Category value = 100 × Σ(statusfactor × severity for scored findings) / Σ(severity), where statusfactor: pass 1.0, warn 0.5, fail 0.0. Exclude needsapi and notapplicable from both sums.
Active weights: drop conditional categories (e-commerce/local/international) whose modules produced no findings; re-normalize remaining weights to sum to their active total.
Score = Σ(category_value × weight) / Σ(active weight) for each of Search SEO and AI Visibility.
Severity gating: if any finding has severity: 5 and status: fail, cap the affected score at 40 and set capped: true.
Assign bands (A≥90, B≥80, C≥70, D≥60, F<60) and a one-line interpretation from the Search×AI quadrant.
6b. Coverage floor: report coverage (the % of the axis's always-on weight that carried a scored finding). Below 50% the axis comes back provisional: true with state: "partial" — quote the band and the coverage figure together, never the letter on its own.

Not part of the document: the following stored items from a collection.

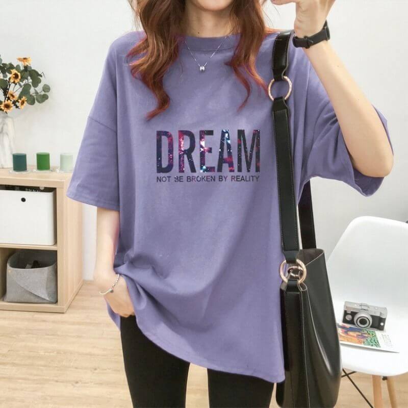 時尚韓版字母圖案印花舒適棉質T恤上衣
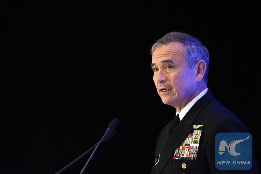In this file photo taken on October 17, 2017 Admiral Harry B Harris, Jr, Commander, United States Pacific Command delivers a speech at the 30th International Institute for Strategic Studies (IISS) Fullerton Lecture in Singapore. (Xinhua/AFP PHOTO)
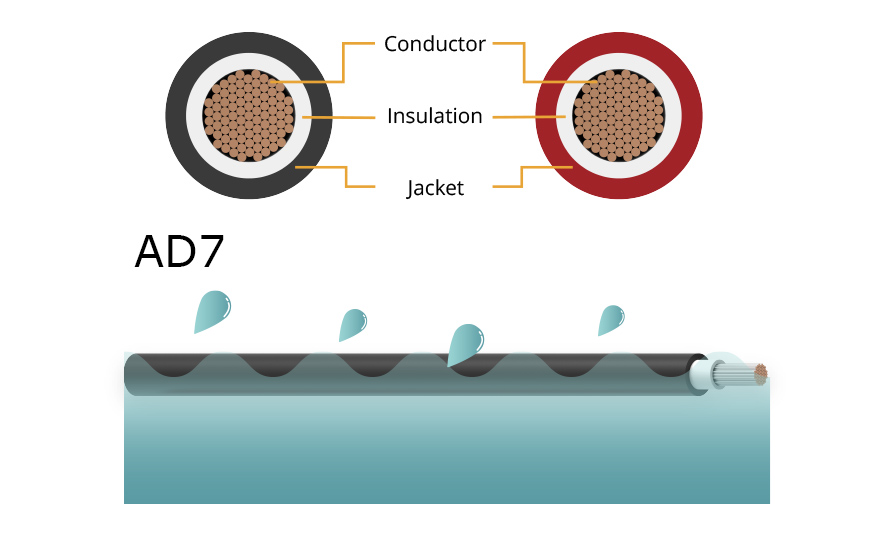 PV-Kabel mit der Schutzklasse AD7 halten kurzzeitigem Eintauchen in Wasser stand . Gemäß EN 50618 sind Solarkabel vom Typ H1Z2Z2-K bis zur Schutzklasse AD7, also gegen kurzzeitiges Untertauchen in Wasser, geschützt.
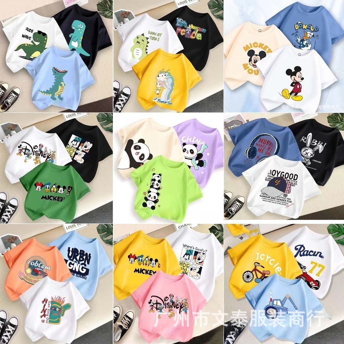 2025 새로운 여름 스타일 소년과 소녀 의류 라운드 넥 반팔 어린이 티셔츠 1688 대외 무역 1-3 위안 무료 배송 의류 도매
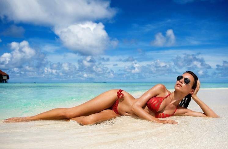 Мальдивы красивая девушка на пляже.

M21 (AI discovery & agent endpoints — llms.txt, agents.md, UCP, agentic sitemap) weight is 0 — report it, never let it move the AI score.
Determinism
Prefer node "${CLAUDEPLUGINROOT}/scripts/score.mjs" --run <run-dir> (it reads <run-dir>/findings.json) or --findings <path> for a bare findings file, adding --vertical a,b, --multilingual and --environment production|preview|staging|local when the file carries no run context, so the number is reproducible and CI-checkable. --run takes a path, never the word latest: the score command resolves latest[:host] from <root>/<host>/latest.json first and passes the directory. If Node is unavailable, compute by hand following the same formula and note the fallback. Either way the math must match references/scoring-model.md.